Investor confidence fell for a third month in July and the benchmark DAX share index has lost 10 percent in the last four months.
Germany’s Puma SE (PUM), Europe’s second-largest sporting-goods maker, on July 18 cut its 2012 sales and profit forecasts and said it will close some stores and may also eliminate jobs after business slowed in the first half of the year. The slowdown was particularly noticeable in Europe, the company said.
Still, SAP AG (SAP), the largest maker of business-management software, is beating rivals to contracts as companies limit their spending amid slowing economic growth, co-Chief Executive Officer Jim Hagemann Snabe told Bloomberg Television yesterday.
“While the worries are there about the euro, companies are still investing, and software is one of the areas they invest in to manage this new area of uncertainty,” he said.
Rising wages and unemployment at a two-decade low are also bolstering domestic spending in Germany, helping to counteract waning export demand.

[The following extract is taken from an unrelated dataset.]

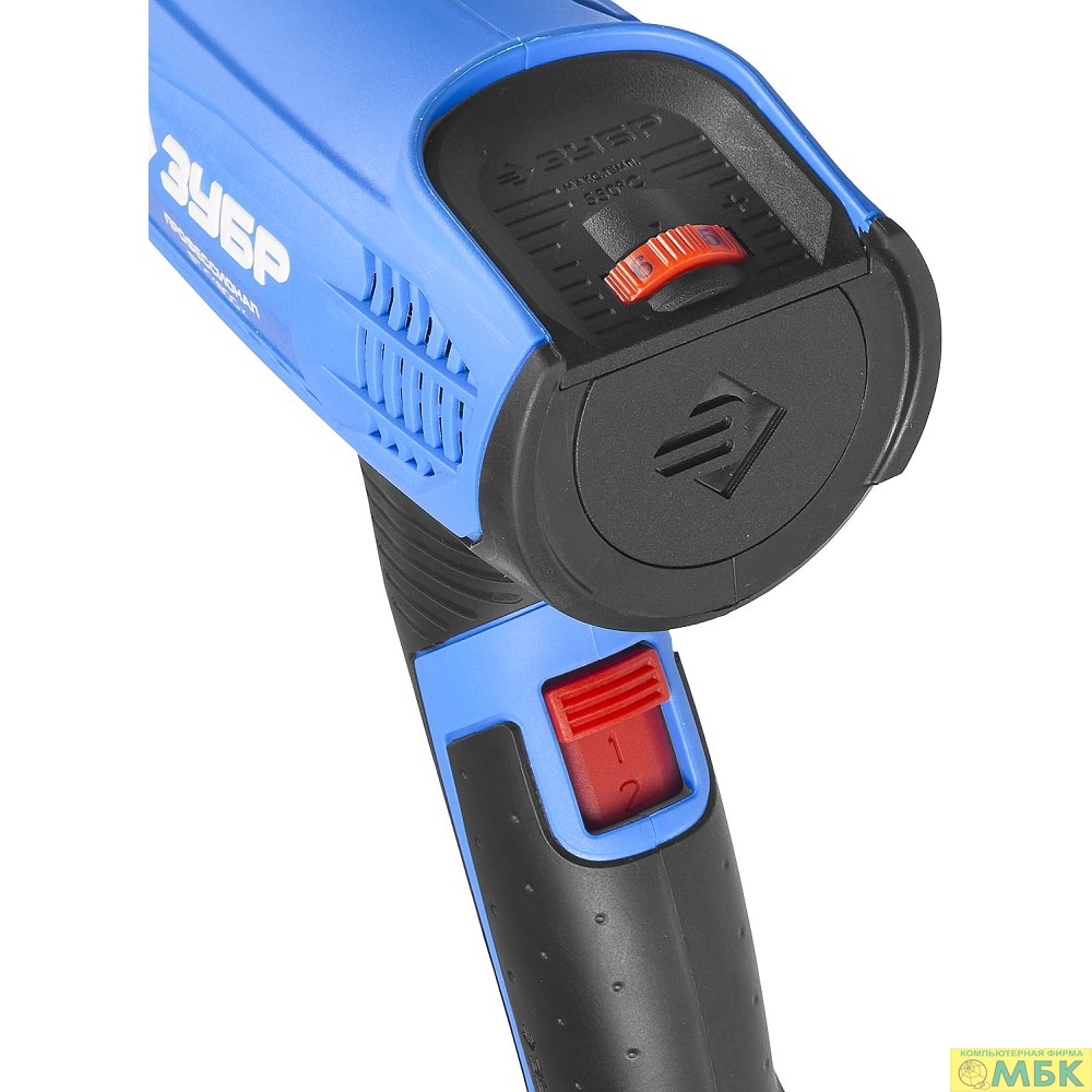 ЗУБР [ФТ-П1800] фен технический (строительный) { керам. изолятор, электр. регул. темп-ры, 2 режима: 80-550град, 350/550 л/мин, 1800Вт }
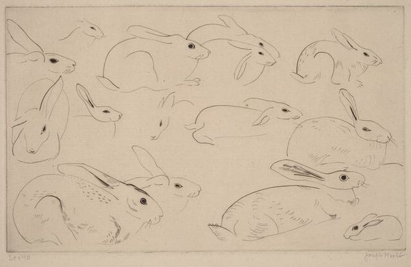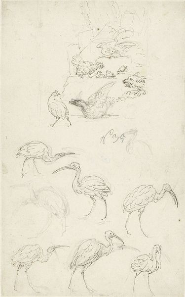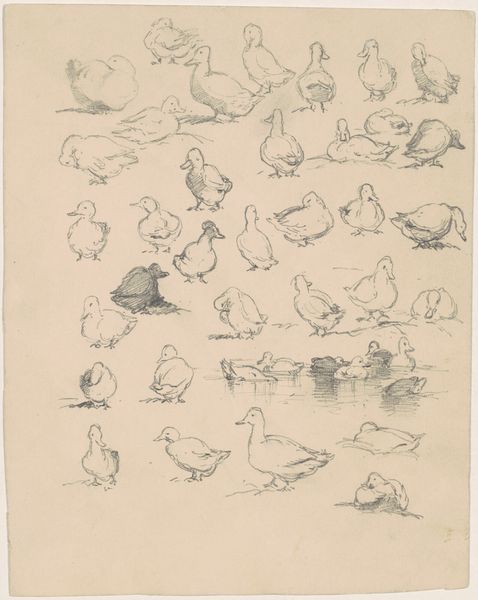 Editor: This drawing, titled *Studies of Ducks*, is by William Valentine Schevill. The medium appears to be graphite on paper, and it depicts numerous ducks in different poses. What do you see in this piece? Curator: I see a poignant commentary on the commodification of nature. The repetitive study of ducks, devoid of a natural setting, reduces them to mere objects of observation and potential resources, echoing the historical exploitation of animals within capitalist systems. Editor: Exploitation? Curator: Yes, consider how these 'studies' might inform hunting practices, domestication, or even symbolic representations reinforcing human dominance. It’s a subtle critique embedded within a seemingly innocuous sketch. What do you think? Editor: I hadn't considered the political dimensions before, but now I see how even a simple sketch can reflect complex power dynamics. Curator: Exactly. Art often subtly mirrors and critiques prevailing societal norms.

The Bundesbank in June predicted German growth of 1 percent this year. By contrast, the European Commission forecasts a 0.3 percent contraction for the 17-nation euro economy as a whole.
“If the euro area crashes then even the strong labor market won’t save the German economy,” said Alexander Koch, an economist at UniCredit Group in Munich. “So far, the economy is not too wobbly, but it does depend on how the crisis evolves.”